→ **Data records**:
---------------
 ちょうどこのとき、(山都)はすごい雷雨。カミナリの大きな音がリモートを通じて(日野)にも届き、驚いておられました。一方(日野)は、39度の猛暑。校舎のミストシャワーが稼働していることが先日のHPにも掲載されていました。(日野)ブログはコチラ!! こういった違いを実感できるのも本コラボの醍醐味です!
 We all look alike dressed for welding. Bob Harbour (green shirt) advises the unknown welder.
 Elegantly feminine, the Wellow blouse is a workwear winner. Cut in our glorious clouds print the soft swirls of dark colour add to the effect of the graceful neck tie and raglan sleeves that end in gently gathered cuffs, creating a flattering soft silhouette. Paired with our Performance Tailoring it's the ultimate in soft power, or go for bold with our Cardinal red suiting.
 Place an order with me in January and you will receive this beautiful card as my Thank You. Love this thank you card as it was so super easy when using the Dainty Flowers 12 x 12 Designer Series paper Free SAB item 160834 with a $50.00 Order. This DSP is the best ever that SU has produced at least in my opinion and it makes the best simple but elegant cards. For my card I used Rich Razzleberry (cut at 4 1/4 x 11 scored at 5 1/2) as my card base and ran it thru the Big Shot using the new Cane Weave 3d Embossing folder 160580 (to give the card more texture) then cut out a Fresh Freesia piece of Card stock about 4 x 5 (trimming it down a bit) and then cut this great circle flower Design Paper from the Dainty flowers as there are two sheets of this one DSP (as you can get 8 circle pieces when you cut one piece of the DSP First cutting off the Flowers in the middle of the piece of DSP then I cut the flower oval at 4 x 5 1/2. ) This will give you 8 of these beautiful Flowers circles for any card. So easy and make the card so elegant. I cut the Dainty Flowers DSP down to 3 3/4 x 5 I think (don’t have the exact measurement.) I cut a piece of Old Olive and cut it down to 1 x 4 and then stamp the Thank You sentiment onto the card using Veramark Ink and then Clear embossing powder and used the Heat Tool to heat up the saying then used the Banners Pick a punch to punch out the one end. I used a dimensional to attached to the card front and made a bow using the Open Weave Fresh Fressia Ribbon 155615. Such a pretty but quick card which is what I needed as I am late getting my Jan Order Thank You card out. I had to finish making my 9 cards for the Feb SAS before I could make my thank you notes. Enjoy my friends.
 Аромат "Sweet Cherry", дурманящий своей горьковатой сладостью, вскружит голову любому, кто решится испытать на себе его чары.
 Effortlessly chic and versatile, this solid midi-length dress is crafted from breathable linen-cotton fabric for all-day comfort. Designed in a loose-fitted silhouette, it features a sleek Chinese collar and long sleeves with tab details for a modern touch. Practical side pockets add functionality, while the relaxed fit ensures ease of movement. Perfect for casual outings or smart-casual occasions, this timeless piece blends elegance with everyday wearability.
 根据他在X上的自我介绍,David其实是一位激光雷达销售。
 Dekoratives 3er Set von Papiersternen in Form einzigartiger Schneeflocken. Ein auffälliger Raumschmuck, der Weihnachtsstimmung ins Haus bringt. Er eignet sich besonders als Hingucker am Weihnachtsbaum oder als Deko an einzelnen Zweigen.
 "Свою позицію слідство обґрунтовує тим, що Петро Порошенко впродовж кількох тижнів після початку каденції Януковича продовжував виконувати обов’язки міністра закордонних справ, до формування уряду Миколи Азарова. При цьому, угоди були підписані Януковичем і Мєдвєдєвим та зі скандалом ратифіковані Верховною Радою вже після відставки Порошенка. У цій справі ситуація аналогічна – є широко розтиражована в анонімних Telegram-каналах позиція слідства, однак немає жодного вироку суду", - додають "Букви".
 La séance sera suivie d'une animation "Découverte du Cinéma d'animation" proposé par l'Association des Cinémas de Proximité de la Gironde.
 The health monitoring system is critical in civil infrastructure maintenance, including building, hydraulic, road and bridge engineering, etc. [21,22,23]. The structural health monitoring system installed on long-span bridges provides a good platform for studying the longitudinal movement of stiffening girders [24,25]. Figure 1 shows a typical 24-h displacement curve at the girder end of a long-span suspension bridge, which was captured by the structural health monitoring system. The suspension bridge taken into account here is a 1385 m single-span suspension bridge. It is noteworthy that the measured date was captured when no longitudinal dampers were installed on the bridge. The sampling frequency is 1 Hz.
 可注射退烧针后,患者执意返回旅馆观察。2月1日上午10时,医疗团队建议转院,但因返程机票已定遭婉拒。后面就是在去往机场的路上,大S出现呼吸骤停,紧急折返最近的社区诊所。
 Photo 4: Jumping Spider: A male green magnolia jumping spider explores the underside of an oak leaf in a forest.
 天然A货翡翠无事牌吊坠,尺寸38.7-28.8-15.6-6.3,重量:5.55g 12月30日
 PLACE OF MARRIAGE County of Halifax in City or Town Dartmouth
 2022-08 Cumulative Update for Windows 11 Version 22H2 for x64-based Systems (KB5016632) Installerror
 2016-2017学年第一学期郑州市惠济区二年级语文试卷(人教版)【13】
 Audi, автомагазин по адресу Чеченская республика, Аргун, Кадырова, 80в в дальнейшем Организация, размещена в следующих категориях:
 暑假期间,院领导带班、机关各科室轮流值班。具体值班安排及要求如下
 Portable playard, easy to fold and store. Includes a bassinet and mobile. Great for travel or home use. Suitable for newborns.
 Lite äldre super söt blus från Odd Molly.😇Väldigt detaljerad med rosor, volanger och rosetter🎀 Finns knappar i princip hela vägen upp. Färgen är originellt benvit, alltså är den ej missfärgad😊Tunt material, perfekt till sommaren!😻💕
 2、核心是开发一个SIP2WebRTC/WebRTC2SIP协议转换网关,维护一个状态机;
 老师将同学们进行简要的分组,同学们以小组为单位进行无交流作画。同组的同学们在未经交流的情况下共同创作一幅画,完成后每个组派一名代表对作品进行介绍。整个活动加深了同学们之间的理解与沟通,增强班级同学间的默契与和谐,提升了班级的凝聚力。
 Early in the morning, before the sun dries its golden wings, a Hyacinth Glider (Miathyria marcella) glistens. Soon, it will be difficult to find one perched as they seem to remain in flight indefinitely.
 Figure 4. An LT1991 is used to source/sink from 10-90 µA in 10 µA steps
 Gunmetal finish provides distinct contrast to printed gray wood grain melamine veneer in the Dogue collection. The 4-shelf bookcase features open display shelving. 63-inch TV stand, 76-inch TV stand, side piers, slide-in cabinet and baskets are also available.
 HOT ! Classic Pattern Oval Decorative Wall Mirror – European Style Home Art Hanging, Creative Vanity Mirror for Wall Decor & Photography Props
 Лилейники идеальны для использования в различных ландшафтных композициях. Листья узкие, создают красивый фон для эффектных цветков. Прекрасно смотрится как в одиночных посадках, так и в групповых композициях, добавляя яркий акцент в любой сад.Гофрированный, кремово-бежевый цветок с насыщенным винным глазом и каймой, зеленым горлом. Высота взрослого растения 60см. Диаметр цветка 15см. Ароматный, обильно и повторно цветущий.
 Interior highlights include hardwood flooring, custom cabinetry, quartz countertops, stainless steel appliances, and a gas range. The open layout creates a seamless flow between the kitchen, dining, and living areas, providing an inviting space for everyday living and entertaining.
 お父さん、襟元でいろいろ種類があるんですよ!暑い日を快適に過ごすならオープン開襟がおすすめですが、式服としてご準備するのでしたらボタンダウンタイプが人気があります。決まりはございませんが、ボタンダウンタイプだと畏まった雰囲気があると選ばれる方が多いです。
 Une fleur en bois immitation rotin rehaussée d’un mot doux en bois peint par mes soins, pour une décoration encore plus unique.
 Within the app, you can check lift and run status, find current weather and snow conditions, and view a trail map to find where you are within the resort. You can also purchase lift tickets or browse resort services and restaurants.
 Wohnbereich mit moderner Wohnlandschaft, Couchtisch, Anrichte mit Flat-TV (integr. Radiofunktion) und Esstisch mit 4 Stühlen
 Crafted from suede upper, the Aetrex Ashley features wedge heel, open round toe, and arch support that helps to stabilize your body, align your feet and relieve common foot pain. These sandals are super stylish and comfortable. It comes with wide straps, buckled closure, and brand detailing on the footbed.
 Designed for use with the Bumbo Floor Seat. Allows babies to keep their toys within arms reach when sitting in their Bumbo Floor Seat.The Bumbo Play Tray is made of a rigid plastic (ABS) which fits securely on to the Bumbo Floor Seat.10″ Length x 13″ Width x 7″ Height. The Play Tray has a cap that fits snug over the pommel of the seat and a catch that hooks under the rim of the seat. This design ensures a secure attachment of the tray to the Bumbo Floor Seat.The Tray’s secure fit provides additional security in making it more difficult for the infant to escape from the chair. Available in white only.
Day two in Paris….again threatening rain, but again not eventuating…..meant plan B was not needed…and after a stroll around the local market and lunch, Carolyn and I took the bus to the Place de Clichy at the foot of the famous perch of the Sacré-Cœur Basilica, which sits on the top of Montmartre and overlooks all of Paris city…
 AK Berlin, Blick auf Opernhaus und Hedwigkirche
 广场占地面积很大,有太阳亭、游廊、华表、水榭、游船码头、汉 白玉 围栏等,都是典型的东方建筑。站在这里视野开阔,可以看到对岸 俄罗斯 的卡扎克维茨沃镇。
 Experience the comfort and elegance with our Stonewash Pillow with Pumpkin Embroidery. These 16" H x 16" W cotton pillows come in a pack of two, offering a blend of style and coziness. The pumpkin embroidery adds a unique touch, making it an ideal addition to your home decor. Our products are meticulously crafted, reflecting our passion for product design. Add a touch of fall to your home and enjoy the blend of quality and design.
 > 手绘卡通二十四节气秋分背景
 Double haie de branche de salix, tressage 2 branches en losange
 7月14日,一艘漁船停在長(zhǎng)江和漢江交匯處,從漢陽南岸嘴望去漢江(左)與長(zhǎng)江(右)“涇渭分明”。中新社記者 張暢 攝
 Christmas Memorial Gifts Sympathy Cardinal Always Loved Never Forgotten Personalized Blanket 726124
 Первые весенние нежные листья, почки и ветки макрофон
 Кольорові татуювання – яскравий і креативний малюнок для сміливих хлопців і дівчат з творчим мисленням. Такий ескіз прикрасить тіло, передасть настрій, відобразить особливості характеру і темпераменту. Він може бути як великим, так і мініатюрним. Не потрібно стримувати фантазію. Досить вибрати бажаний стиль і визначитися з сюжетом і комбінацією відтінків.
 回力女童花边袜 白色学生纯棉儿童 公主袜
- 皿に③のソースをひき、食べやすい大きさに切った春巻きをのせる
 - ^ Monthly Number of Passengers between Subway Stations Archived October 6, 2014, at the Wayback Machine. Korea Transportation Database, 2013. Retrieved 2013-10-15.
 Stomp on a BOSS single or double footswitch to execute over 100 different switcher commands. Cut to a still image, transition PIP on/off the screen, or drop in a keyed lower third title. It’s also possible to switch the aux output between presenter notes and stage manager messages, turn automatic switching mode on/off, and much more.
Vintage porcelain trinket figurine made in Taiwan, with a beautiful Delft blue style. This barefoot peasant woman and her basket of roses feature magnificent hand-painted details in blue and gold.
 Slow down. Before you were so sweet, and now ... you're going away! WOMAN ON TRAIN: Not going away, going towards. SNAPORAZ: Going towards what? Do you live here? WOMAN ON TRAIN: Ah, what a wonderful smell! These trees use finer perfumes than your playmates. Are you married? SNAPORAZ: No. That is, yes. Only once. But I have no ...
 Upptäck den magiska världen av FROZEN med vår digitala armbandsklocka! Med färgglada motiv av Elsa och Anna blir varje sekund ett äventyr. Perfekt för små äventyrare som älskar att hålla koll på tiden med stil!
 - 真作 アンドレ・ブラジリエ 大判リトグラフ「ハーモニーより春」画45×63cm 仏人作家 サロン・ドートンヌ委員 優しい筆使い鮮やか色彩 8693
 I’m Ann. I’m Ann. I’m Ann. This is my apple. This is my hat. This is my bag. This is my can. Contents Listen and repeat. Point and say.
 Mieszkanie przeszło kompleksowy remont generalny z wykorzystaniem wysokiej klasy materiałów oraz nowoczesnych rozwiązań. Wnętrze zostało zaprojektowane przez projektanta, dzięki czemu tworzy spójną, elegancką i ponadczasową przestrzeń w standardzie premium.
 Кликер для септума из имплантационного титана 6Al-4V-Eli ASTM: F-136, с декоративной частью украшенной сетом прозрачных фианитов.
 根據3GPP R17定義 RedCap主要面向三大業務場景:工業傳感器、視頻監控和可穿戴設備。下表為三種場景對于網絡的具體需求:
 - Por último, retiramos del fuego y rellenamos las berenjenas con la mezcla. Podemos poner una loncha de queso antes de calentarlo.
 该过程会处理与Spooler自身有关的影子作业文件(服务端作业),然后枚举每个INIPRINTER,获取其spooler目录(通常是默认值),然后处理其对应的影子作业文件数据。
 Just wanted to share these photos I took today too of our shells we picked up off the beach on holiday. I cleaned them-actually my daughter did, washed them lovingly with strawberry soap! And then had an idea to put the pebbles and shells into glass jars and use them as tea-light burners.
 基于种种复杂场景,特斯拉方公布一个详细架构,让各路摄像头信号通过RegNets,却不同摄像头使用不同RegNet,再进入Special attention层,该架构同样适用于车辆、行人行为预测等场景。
---------------
→ **How to complete this task**: Across the records above, tally the lines that contain "green" and return the number alone.

→ **Result of this exercise**: 2